Memory systems for AI agents have a problem: they treat everything as a bag of text fragments. Ask an agent "what do you know about Alice?" and you get the three most semantically similar sentences about Alice — but not the fact that Alice reports to Bob, or that Bob's project was cancelled last month, or that Alice therefore probably needs a new assignment. The relationships are invisible.
That's the gap v0.6.0 closes.
Why We Built This#
The obvious reference implementation was Graphiti — Zep's open-source temporal knowledge graph for LLM applications. Graphiti is genuinely impressive work. But it had a hard dependency on OpenAI's embedding and completion APIs, which made it incompatible with our goal of being fully self-hostable with local models via Ollama.
We also wanted tighter control over the extraction pipeline. Cortex already had Claude Haiku handling memory extraction; adding graph capabilities meant extending that same pipeline rather than bolting on a separate system with its own LLM calls, its own retry logic, and its own failure modes.
What It Does#
The v0.6.0 graph layer adds three capabilities that work together:
Entity extraction. When a memory is captured, Claude Haiku identifies named entities — people, tools, organizations, concepts — and upserts them into Memgraph as nodes. Entities include a type field and a description synthesized from context. Crucially, the same entity mentioned across different conversations gets merged, not duplicated, through a three-stage resolution process.
Fact extraction. Alongside entity nodes, Haiku extracts relationship facts: Alice → manages → project-X, project-X → uses → gRPC, gRPC → deprecated-in → v2. These become edges in the graph, each carrying a valid_from timestamp, a valid_to field (null for current facts), and a confidence score.
3-stage entity resolution. Before upserting a new entity, Cortex checks: (1) exact name match, (2) vector similarity against existing entity embeddings, (3) LLM-based disambiguation for ambiguous cases. This keeps the graph clean without requiring globally unique identifiers in the input.
Key Technical Decisions#
Bi-temporal model. Every fact carries both the valid time (when the fact was true in the world) and the transaction time (when Cortex learned about it). This lets you ask "what did Cortex know about Alice's manager as of last Tuesday?" — a question that's impossible with a simple key-value store. The valid time defaults to the capture timestamp but can be overridden.

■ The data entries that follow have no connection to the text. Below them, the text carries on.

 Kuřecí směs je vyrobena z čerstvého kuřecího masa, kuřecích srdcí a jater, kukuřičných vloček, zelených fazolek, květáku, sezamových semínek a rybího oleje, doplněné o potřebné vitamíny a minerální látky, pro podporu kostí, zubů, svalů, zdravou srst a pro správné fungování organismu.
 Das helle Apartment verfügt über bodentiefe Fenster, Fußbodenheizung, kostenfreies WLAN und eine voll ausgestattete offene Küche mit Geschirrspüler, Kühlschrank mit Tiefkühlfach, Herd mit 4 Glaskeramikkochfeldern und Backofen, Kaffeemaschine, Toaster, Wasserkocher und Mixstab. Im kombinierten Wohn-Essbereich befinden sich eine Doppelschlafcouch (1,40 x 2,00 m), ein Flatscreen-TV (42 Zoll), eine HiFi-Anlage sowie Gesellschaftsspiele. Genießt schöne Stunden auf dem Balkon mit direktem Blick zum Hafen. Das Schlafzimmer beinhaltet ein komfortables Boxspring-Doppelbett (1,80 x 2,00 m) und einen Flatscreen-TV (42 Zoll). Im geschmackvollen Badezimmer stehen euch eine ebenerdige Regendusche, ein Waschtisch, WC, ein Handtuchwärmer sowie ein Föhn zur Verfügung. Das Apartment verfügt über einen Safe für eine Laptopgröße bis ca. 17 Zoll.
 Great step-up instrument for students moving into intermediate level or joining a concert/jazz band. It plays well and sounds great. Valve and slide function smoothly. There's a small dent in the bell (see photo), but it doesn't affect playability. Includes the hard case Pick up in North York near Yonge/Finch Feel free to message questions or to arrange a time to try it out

RRF fusion for hybrid search. Recall now merges results from three sources: vector similarity search over memory embeddings, vector similarity over entity descriptions, and graph traversal starting from entities mentioned in the query. Reciprocal Rank Fusion combines these ranked lists into a single result set without requiring careful weight tuning — ranks are more robust to scale differences than raw scores.
Always enabled, zero config. Unlike some graph features that require opt-in flags, entity and fact extraction runs automatically on every capture call. The graph builds up passively as the agent works. There's no separate indexing step, no migration to run.
What This Unlocks#
With v0.6.0, a query like "what's the status of Alice's project?" can now surface memories connected through graph edges, not just memories that happen to mention Alice and status in close proximity. The recall pipeline walks the graph starting from the Alice entity, finds connected project nodes, retrieves facts about those projects, and merges everything with the vector results via RRF before scoring.
The result is a memory system that understands structure, not just text.